Independent political and economic advisory firm Private Clients director Dr Frans Cronje argued on Thursday that for South Africa to grow investment, it should refine coal, rework empowerment policies and guarantee market value in the event of an expropriation.
Cronje was speaking during PSG Financial Services' ‘Think Big Webinar’, where he explained that South Africa would soon have more than enough installed energy generating capacity, and that in a defunded coal fleet, government would need to refit this coal infrastructure to provide energy while not immediately abandoning coal, to achieve an ambitious GDP growth rate of 4% or 5%.
He urged international actors, particularly Europe, not to pressure South Africa to abandon coal prematurely, arguing for a phased transition to green energy considering South Africa’s unique economic and political circumstances.

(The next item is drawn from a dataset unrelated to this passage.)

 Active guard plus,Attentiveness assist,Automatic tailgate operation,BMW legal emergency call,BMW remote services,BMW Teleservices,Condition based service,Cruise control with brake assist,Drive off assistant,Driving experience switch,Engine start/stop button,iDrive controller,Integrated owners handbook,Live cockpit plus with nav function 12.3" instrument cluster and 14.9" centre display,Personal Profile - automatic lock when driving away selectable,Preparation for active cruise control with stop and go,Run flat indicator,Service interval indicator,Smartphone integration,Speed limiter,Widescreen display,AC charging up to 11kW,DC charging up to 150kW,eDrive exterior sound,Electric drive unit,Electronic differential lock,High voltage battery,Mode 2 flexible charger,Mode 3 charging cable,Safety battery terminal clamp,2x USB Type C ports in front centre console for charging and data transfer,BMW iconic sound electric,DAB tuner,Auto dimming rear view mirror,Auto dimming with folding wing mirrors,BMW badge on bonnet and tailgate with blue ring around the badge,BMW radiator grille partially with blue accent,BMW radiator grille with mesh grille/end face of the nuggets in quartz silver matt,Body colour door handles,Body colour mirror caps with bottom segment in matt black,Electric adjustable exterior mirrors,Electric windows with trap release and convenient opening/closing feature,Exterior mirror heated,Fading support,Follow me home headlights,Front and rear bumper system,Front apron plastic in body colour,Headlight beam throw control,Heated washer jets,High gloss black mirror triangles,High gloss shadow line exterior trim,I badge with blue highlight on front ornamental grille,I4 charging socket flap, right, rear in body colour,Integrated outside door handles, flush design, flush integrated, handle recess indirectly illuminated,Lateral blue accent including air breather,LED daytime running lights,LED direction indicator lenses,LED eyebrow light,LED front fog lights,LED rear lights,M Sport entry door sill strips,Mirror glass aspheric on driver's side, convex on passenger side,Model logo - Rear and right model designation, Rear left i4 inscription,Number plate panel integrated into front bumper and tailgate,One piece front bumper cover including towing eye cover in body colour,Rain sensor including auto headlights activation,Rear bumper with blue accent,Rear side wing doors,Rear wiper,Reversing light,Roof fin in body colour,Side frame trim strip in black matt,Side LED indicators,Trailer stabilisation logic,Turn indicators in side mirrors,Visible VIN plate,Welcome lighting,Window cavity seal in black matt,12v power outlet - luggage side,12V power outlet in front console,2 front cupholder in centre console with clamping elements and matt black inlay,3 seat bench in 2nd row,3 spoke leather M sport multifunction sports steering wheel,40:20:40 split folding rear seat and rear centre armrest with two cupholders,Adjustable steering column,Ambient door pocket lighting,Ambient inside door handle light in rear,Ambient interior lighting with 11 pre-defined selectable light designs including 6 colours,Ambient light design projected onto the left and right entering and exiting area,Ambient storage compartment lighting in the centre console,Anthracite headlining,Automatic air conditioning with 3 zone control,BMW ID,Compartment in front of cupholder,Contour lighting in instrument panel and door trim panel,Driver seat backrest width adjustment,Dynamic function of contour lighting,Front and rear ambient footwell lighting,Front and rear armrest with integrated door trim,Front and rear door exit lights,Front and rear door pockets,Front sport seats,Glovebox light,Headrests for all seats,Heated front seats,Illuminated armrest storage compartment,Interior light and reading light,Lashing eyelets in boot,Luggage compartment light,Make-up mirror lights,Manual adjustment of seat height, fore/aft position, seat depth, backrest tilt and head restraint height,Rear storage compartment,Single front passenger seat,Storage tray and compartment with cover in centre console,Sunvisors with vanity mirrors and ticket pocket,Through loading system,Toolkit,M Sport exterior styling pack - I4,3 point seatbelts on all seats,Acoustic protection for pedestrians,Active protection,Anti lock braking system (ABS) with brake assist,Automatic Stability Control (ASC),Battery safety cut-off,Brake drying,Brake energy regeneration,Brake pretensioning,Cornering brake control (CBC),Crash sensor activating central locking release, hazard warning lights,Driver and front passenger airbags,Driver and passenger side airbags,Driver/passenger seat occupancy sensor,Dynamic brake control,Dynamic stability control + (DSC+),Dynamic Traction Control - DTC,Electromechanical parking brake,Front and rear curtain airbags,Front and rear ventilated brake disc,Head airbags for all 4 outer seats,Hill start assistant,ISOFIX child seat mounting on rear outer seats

This, he argued, would prevent an energy ceiling from limiting future economic growth.
Cronje also urged government not to tax capital on arrival into the country, highlighting that this was one of the key factors that deterred investment.
Meanwhile, he said the real building blocks of empowerment were fixed investment, tax payments, employment and exports.
He said South Africa’s fixed investment rate of about 15% of GDP was too low compared with emerging markets and believes that to achieve 4% to 5% GDP growth, government and the private sector must raise fixed investment by 10 percentage points collectively.
Further, he said South Africa should move away from “narrow racial criteria” to remove a major barrier to investment.
He pointed out that government should also look into the question of property rights, saying they must be 100% secure.
“There is no policy in South Africa called land expropriation. There's a piece of expropriation policy that allows the seizure of any fixed or moveable asset without market related compensation,” he said.
He said this needed to be tweaked to say that in the event of an expropriation, a court would weigh in to decide on compensation that was of market value.
“… in a free and open society and a modern industrial economy, it is just and equitable that expropriated owners get market value for assets that are appropriated,” he stated.
If all these recommendations were met, Cronje said, people would live in “much better circumstances”, noting that politically South Africa would remain free and open, and the country would be a “pretty prosperous and pretty stable” corner of the world.